Robert Wood Johnson University Hospital in New Brunswick, N.J., has for more than two years offered doctors, medical students, and prospective patients the ability to tune in to live or archived video of doctors performing surgeries to relieve back pain for a car-accident victim, prevent a patient's heart aneurysm from rupturing, and treat a condition called hyperhidrosis, which causes excessive sweating. Each video begins with preinterviews with the surgeons performing the procedures and includes footage of the actual surgery.

Web video is sure to play a more-important role in selling products online. Victoria's Secret tried the online fashion show as far back as 1999, though it was clobbered by overwhelming demand and slow dial-up connections. Now the site features near-broadcast-quality video of new products. Same for BMW. Most automakers don't yet have video on their sites. But BMW--apparently secure in the notion that Beemer drivers wouldn't be caught dead on dial-up--puts quick clips of its BMW 3 Series Touring in motion on its site. Major League Baseball has highlight clips on its MLB.com site and lets fans get clips delivered to their mobile phones for a fee.

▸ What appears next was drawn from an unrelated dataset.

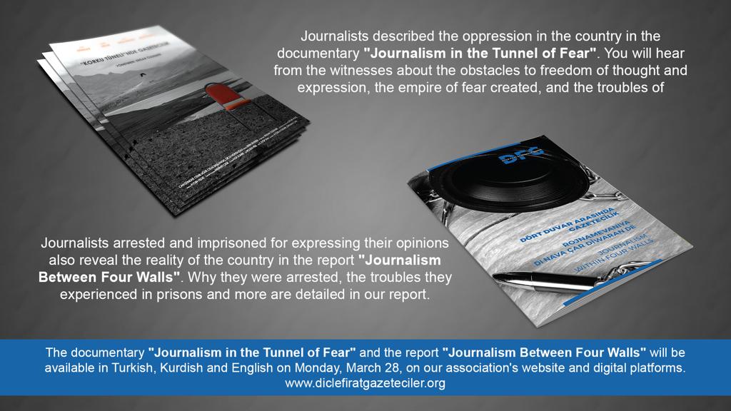 Dicle Fırat Gazeteciler Derneği (DFG), yürüttükleri 4 aylık bir çalışma sonucu hazırladıkları "Korku Tünelinde Gazetecilik" belgeseli ve "Dört Duvar Arasında Gazetecilik" raporunu tamamladı. Hem belgesel, hem de rapor, 28 Mart Pazartesi günü derneğin internet sitesi ve dijital platformlarından yayınlanacak.

BuyCostumes.com is an example of smaller companies ready to take a risk on video. For just over $100,000, the E-retailer filmed a fashion show of its costumes, which it's hoping will help boost annual sales more than 40% this year to greater than $25 million. With people spending as much as $850 for a Collector's Supreme Edition Darth Vader, or even $50 for a Tom Arma Signature baby's dinosaur costume, the company thinks the opportunity is now for combining video and E-commerce. "It's hard to get a feel in a still image what a costume's made of, what it looks like on a person, how it hangs," chief operating officer Daniel Haight says.

Yet BuyCostumes also shows the challenges of managing the technology. The company decided it would be too difficult and costly to manage an unpredictable number of streams, so it's running the five-hour fashion show at BuyCostumes.TV as one stream--exactly like TV--in which people watch what's airing at the scheduled time. The company, which ships about 20,000 boxes a day in the peak season before Halloween, is hoping for more than 5 million views. As companies build a stockpile of product videos, expect to see far more offering video snippets for individual products, so shoppers can see them in motion before they buy.

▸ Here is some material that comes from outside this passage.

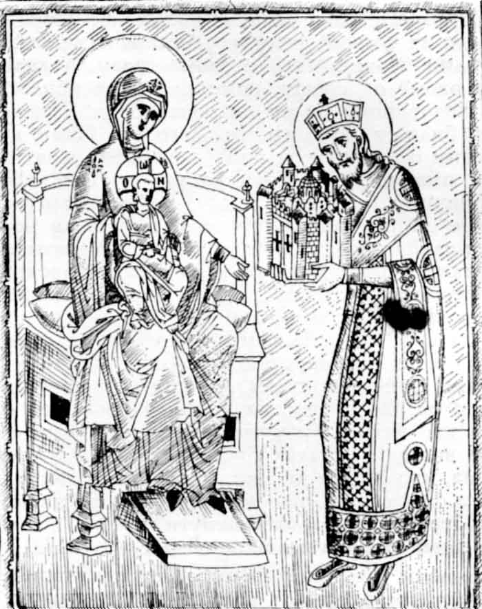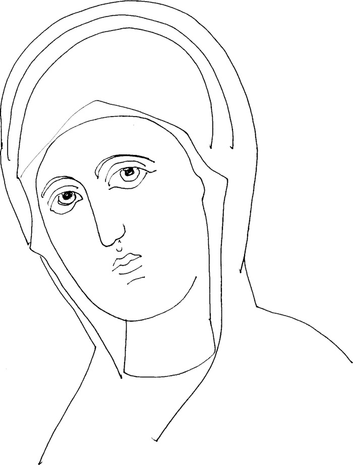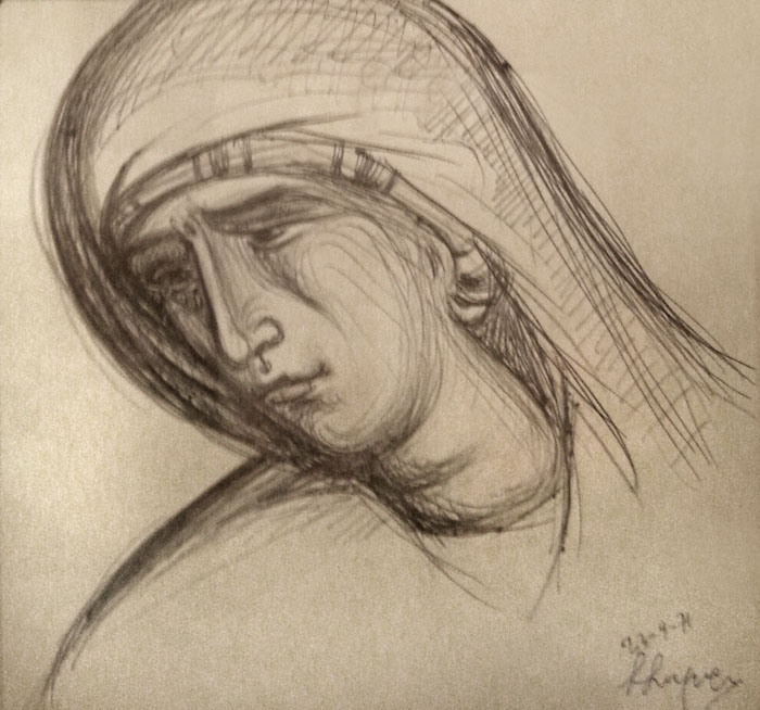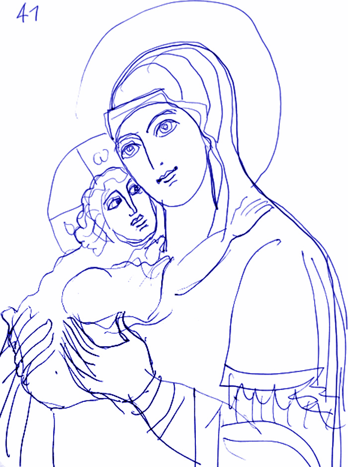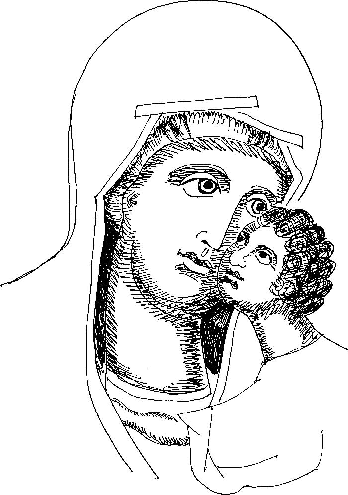 The Panagia "Thrinodousa", Stamatis drawing, 1971.

That's how a few sellers of high-end real estate are using Web-based video. Kouros Tavakoli, a real-estate agent with Decker Bullock Realty Inc., offers video tours of multimillion-dollar luxury homes near San Francisco, while Bahamas-based James Sarles Realty has hired Real Estate Video Imaging Systems Inc. to create Web-based video clips that it hopes can make use of lush settings and expansive interiors to help close deals on pricey houses without the need for clients to first visit the island.

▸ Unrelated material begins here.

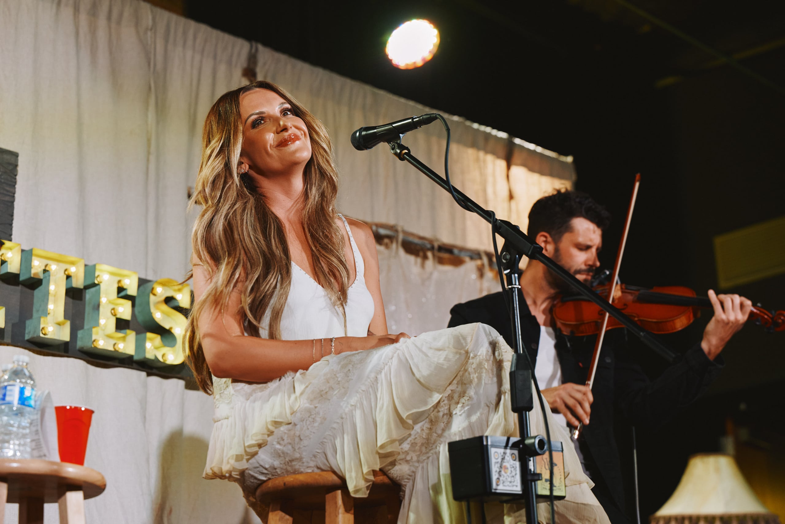The evening then turned to the first writer’s round of the night. The room was treated to original tunes from Abbey Rowe (“Crazy or Pregnant”), Abbie Callahan (“Simon Says”), Alison Nichols (“Box Wine Problems”), Nanseera (“Mobile”), and Ashley Anne, who was debuting in the show, and sang a tune cut by the woman of the night Carly Pearce, “Why God, Why Me.” The creative and emotional lyrics set the tone for the evening, as the group ended with a cover of Pearce’s “What He Didn’t Do.” Throughout the round, each of them expressed their admiration for Pearce and her trailblazing career.

LiveVault Corp., a provider of managed backup and recovery services, tried bringing video to the direct-marketing realm in its competition with larger rivals such as EMC Corp. and Hitachi. Its gambit was to spend more than $250,000 on a campaign that included a seven-minute clip of actor John Cleese (of Monty Python fame) doing his bit as Dr. Harold Twain Weck, director of the fictitious Institute for Backup Trauma. "The richer the media, the more successful we've been in educating and helping our prospects understand what we do best," CEO Bob Cramer says.